Notification of a personal data breach to the authority

The controller shall notify the personal data breach to the supervisory authority competent pursuant to Article 55 without undue delay and, where feasible, not later than 72 hours after having become aware of the personal data breach, unless the personal data breach is unlikely to result in a risk to the rights and freedoms of natural persons. If the notification is not made within 72 hours, the reasons justifying the delay must be attached.

Review in case of mandatory data processing

If the duration of mandatory data processing or the periodic review of its necessity is not specified by law, a local government decree, or a binding legal act of the European Union, the data controller shall review at least every three years from the start of data processing whether the processing of personal data processed by it or by a data processor acting on its behalf or on its instructions is necessary for the achievement of the purpose of data processing.
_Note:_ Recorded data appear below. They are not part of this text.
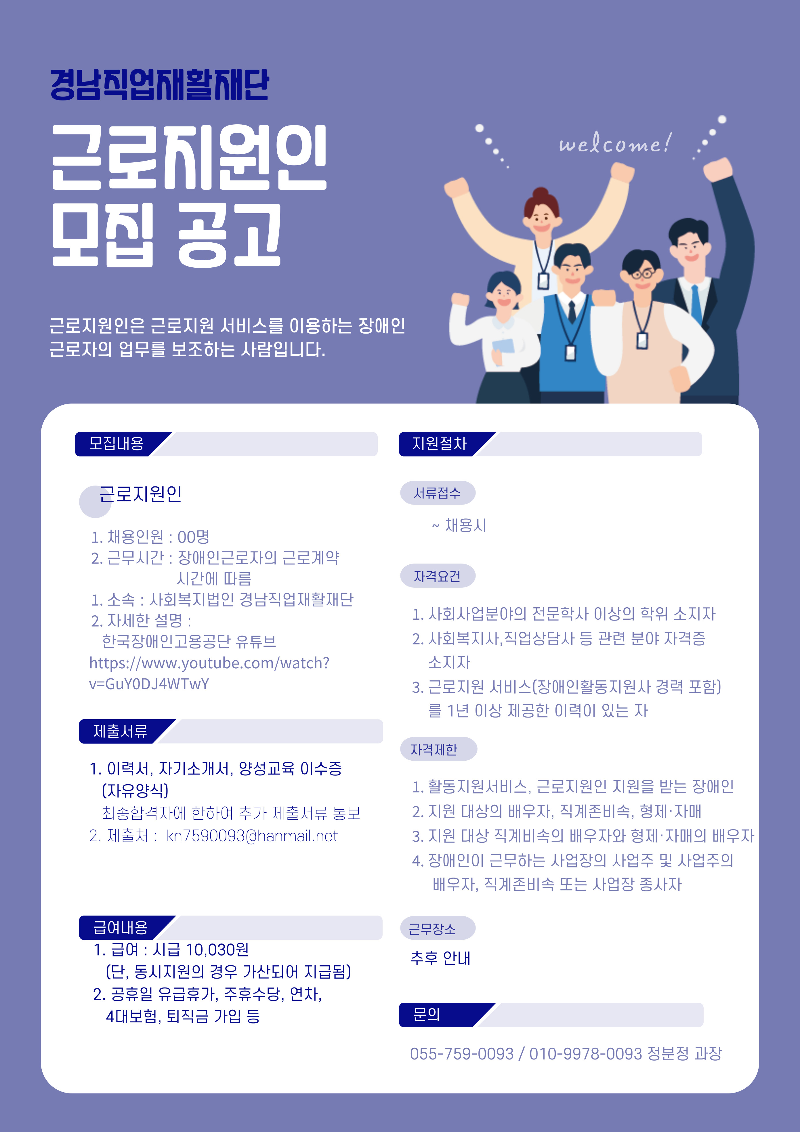 근로지원인 채용 공고 |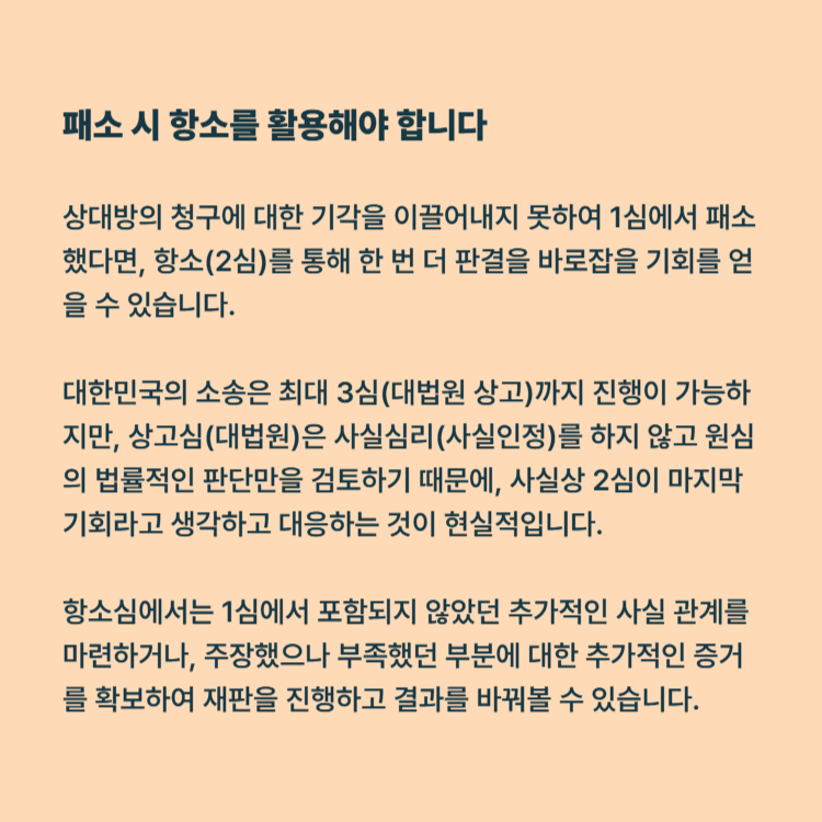 대한민국의 소송은 최대 3심(대법원 상고)까지 진행이 가능하지만, 상고심(대법원)은 사실심리(사실인정)를 하지 않고 원심의 법률적인 판단만을 검토하기 때문에, 사실상 2심이 마지막 기회라고 생각하고 대응하는 것이 현실적입니다.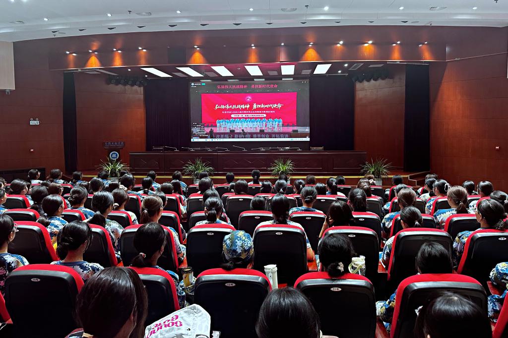 任紅霞飽含熱淚進行發言。一位普通的母親把丈夫和五個兒子送上前線,他們全部戰死沙場,這個故事悲壯而真實地印證了“兵民是勝利之本”。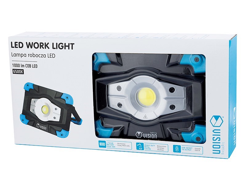 Панельная рабочая лампа 10Вт COB LED, аккумуляторная, 1000 лм, IK08, IP54 + магнитный держатель

The data controller shall document the circumstances and results of this review, retain this documentation for ten years after the review and make it available to the National Data Protection and Freedom of Information Authority (hereinafter: the Authority) upon request.

Complaint option

A complaint against a possible violation of the data controller can be filed with the National Data Protection and Freedom of Information Authority:

National Data Protection and Freedom of Information Authority
1055 Budapest, Falk Miksa utca 9-11.
Mailing address: 1363 Budapest, Pf. 9.
Telephone: +36 -1-391-1400
Fax: +36-1-391-1410
E-mail: ugyfelszolgalat@naih.hu

Conclusion

When preparing this information, we took into account the following legislation:

• REGULATION (EU) 2016/679 OF THE EUROPEAN PARLIAMENT AND OF THE COUNCIL of 27 April 2016 on the protection of natural persons with regard to the processing of personal data and on the free movement of such data, and repealing Regulation (EC) No 127/2008 (GDPR);
• Act CXII of 2011 – on the right to informational self-determination and freedom of information (hereinafter referred to as the Infotv.);
• Act CVIII of 2001 – on certain issues of electronic commerce services and services related to the information society (especially Section 13/A);
• Act XLVII of 2008 – on the prohibition of unfair commercial practices towards consumers;
• Act XLVIII of 2008 – on the basic conditions and certain limitations of economic advertising activities (especially Section 6);
• Act XC of 2005 on electronic freedom of information;
• Act C of 2003 on electronic communications (specifically Section 155);
• Act No. 16/2011 opinion on the EASA/IA Recommendation on best practice in online behavioural advertising;
• Recommendation of the National Data Protection and Freedom of Information Authority on data protection requirements for prior information.